Beweisfragen für Audit/Aufsicht

  • Tool-Auswahlentscheidung: Welche Tools sind freigegeben? Wer hat freigegeben? Auf welcher Grundlage?
  • Verpflichtungserklärungen: Datum, Unterschrift, Empfänger, Verifikation der Vertretungsbefugnis.
  • AVV / SCC: Aktuelle Fassung, unterzeichnet, archiviert.
  • DSFA / FRIA: Erstellt, dokumentiert, Datum, Beteiligte (DSB, Berufsträger).
  • Schulungsnachweise: Teilnahmelisten, Inhalte, Auffrischungszyklus.
  • Vorfallprotokoll: Bei Datenpannen, Halluzinationen mit Wirkung, Sub-Dienstleister-Wechseln.
  • Mandantenaufklärung: schriftliche Hinweise, ggf.

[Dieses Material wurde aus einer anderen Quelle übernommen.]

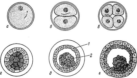 Рис. 152. Схема послідовних стадій дроблення зиготи (а-е).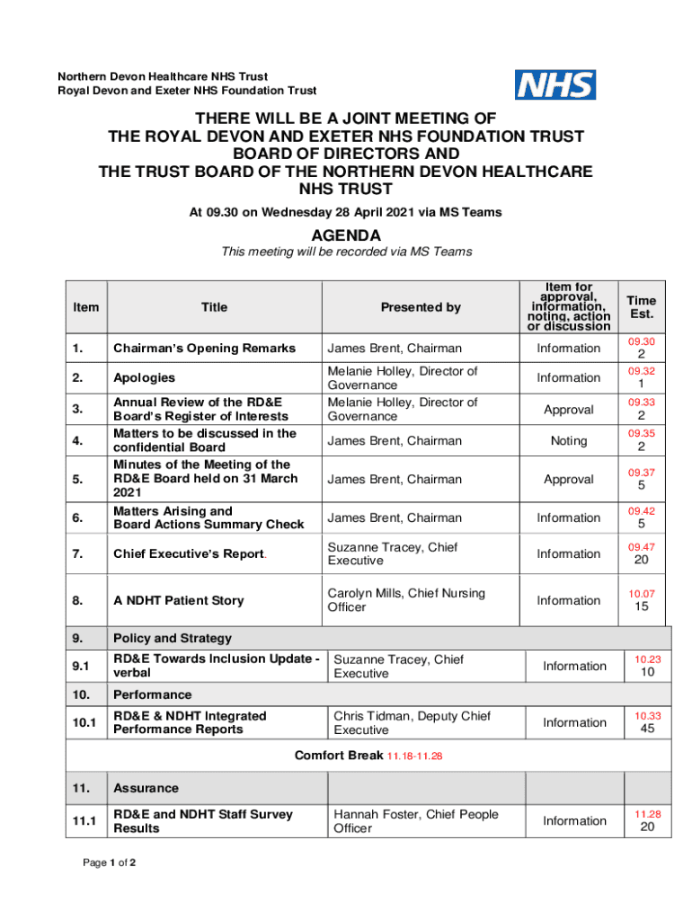 Royal Devon and Peter NHS Foundation Trustee WILL BE A JOINT MEETING OF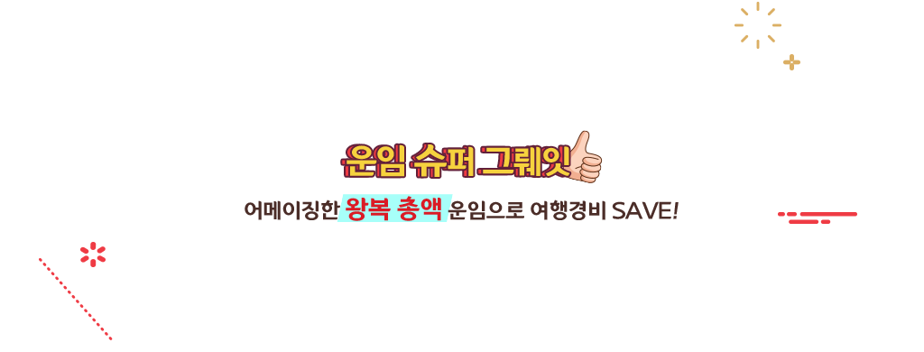 - 상기 운임은 세금 및 유류할증료를 포함한 총액운임이며, 발권 당일 환율에 따라 변동될 수 있습니다.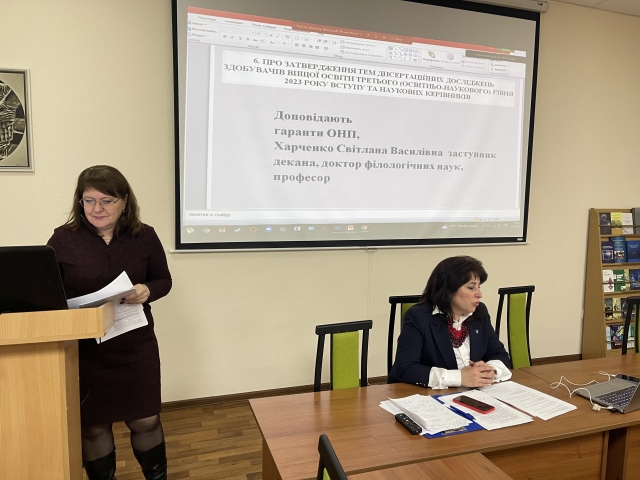 Палкі наукові дискусії викликали обговорення тем кваліфікаційних робіт здобувачів вищої освіти другого (магістерського) рівня 2023 року вступу та наукових керівників (доповідали заступник декана доктор педагогічних наук, професор Ігор Буцик та гаранти освітніх програм) і затвердження тем дисертацій здобувачів вищої освіти третього (освітньо-наукового) рівня 2023 року вступу та наукових керівників (доповідали гаранти освітньо-наукових програм, заступник декана доктор філологічних наук, професор Світлана Харченко).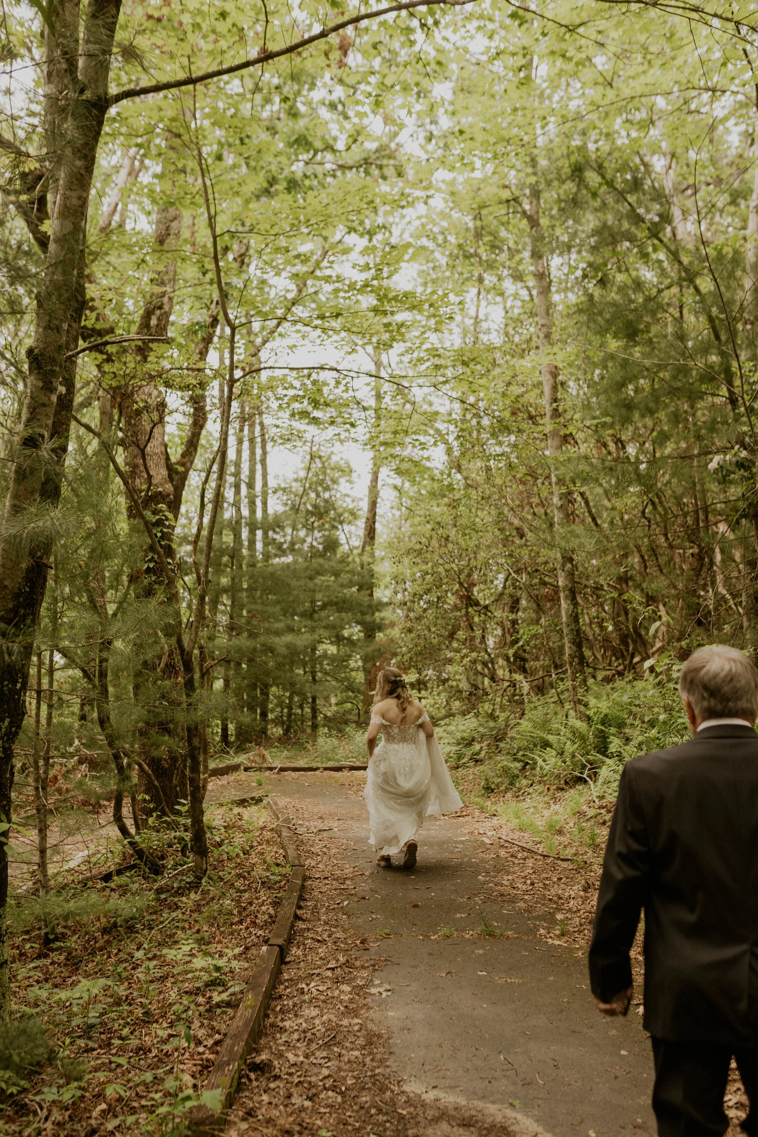Ashley’s dad walked her down the path to meet Joe at their ceremony spot along the gorge rim. The short walk felt symbolic — quiet, steady, intentional.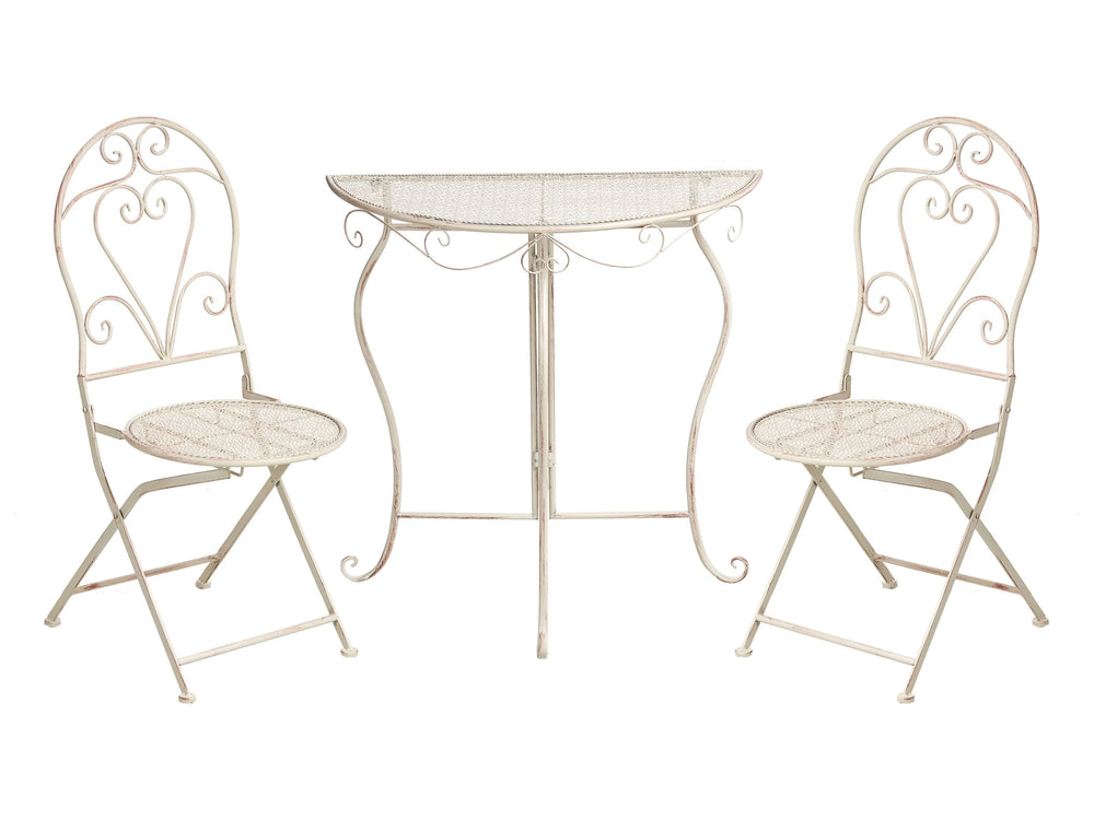Perfect for creating a cosy outdoor retreat, this balcony set combines practicality and vintage charm. Crafted from sturdy iron with a soft, weathered finish, it features two foldable chairs and a space-saving table. The delicate design adds a timeless elegance to your balcony or garden, making it an ideal choice for enjoying tea or coffee outside.

Einwilligung.

Beleg-Checkliste

  • KI-Inventar mit Use-Case-IDs
  • AVV nach Art. 28 DSGVO
  • SCC / DPF-Selbstzertifizierung
  • Trust-Center-Auszüge des Anbieters (Stand, Zertifikate)
  • Verpflichtungserklärung nach § 203 Abs. 4 StGB
  • Risikobewertung
  • Schulungsmaterial
  • Mandantenhinweis in Auftragsbestätigung / Mandatsvertrag

Typische Fehler

  • Verpflichtungserklärung nur per E-Mail-Bestätigung statt unterzeichneter Erklärung; bei juristischer Person ohne Vertretungsbefugnis.
  • Pauschale Trust-Center-Behauptungen statt vertraglich vereinbarter Pflichten.
  • Sub-Dienstleisterliste nicht überprüft.
  • Trainingsausschluss nur Default-Einstellung statt vertraglich fixiert.
  • "Nichtwissen" der Berufsträger über tatsächlich genutzte Tools (Schatten-IT).

Trade-off

Lückenlose Belegführung kostet Aufwand und schafft Auditierbarkeit; im Streitfall (Anwaltskammer, Datenschutzaufsicht, Versicherung) entscheidet die Beleglage. Empfehlung: zentrale Ablage je Tool, automatische Erinnerungen für Reviews, jährliche Selbstauskunft des Anbieters.